The atmosphere has the perfect combination of debauchery and decadence. It rains on the first day as people are arriving but it doesn’t stop this life-loving rabble from donning their chemical overcoats forbidding the downpour to ruin the jubilations. The rain stops and everyone changes into their Boomtown costumes to take on the character of the festival. No egos, no agro, just good times with good friends.

Music – 7/10

The undeniable theme sound of the festival is reggae. If you don’t like reggae then there are many dub, dubstep and drum n bass DJs along with rockabilly, psychobilly, gypsy music and even country and western around too.
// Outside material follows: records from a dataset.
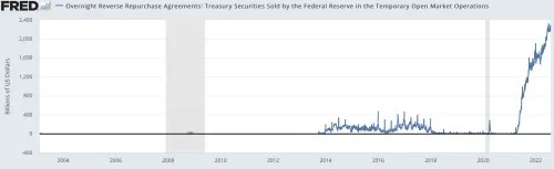 The Fed appears to have pumped a lot of slack into the system, but no one has ever seen how this kind of slack plays out either. The Fed stacked in a tremendous amount of the exact opposite of repo loans — reverse repo loans, whereby it took excess cash out of bank reserves and replaced it with bonds as collateral. I noted last year that the Fed was taking money out the back door almost as quickly as its continuous QE was creating it. It had to do this because there was too much cash sloshing around from all the Fed’s excess liquidity, leaving me to wonder why they were even creating so much liquidity that they had to remove it in this clandestine fashion. I suggested maybe they were banking it as slack for when they started to tighten, should the need it. That money taken out of bank reserves on loan that can go immediately back has piled up like this: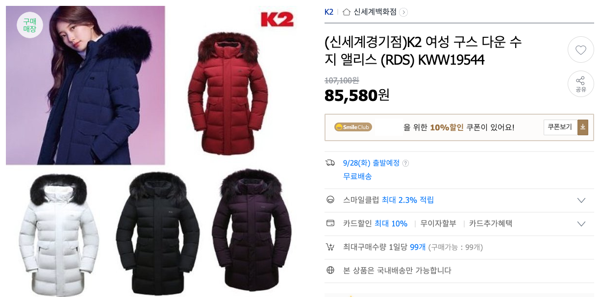 (신세계경기점)K2 여성 구스 다운 수지 앨리스 (RDS) KWW19544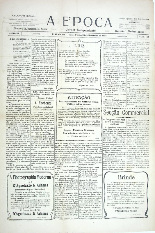 Acervo protegido pela Lei 9.610/98. Proibida a reprodução para fins comerciais sem a autorização dos detentores legais do direito. A reutilização deste conteúdo é livre e gratuita devendo ser mencionado o IHPF como fonte de referência, na seguinte forma: Acervo Instituto Histórico de Passo Fundo. Se o item pertencer a alguma coleção/fundo, o nome também deve ser citado.

Lots of brass on all the stages and every band and DJ has enough upbeat dance material to keep the crowd on their toes all weekend. This is essentially a reggae dance festival with the diversity to please all tastes, unless you prefer the mainstream.


Dub Pistols – 10/10
This band is a perfect festival outfit. With their blend of dub, dancehall, big beat and ska sounds and the jump up and down presence of the suited and booted band on stage, they send the crowd into a frenzied dance off throughout the performance.

Tragic Roundabout – 8/10

With about eight members on stage, playing ragged-up gypsy dance versions of songs like ‘What Shall We Do with The Drunken Sailor?’, this band turns The Devils Kicks Dancehall into a pirate shipped up shindig for a Sunday evening parade of lunacy, outrageous outfits and devilish dance steps.

Babyhead – 8/10
Opening their set in The Town Centre shouting: “You have now entered Baby Boomtown,” this is another band that fits perfectly in a festival such as this. They tell us they are “born out of love for Jamaican soundclash, forged through a do-it-your-self punk rock ethic and delivered with a raw hip hop swagger.” The unstoppable Babyhead sound is drawn from all quarters of the musical universe.

Rasta4eyes – 8/10

These young northerners play a blinding set in The Invisible Circus. With a mix of ska and reggae they keep the crowd jumping through every song. Lots of live brass and offbeats keeps this raw sound both laid back and jumped up. The musicianship on stage is effortless and virile; Rasta 4 Eyes seem too young to be as good as this.

Trojan Soundsystem – 8/10

Playing through a chilled sunny Sunday afternoon at The Lion’s Den this set finds its ideal time. If you have never seen this soundsystem before, they are a DJ with MCs and vocalists ripping up the dance floor and chilling out the outskirts with a Trojan Records back catalogue mixed nicely into dub, hip hop and reggae from around the world.

Random Events

The whole of Downtown Boomtown is the most random event of the weekend with the derelict shops, stores and even a leisure centre that have been taken over by a faction of rebels and turned into clubs and venues such as the ASBO Disco. There is a back end of a car stuck out of a body shop. There are trees made from exhausts with smoke and fire bellowing out of the twisted tubes. There are dance offs in a boxing ring and a barbershop like a scene from Sweeney Todd with banging dubstep as the theme tune. The list goes on you’ll just have to experience it for yourself next year.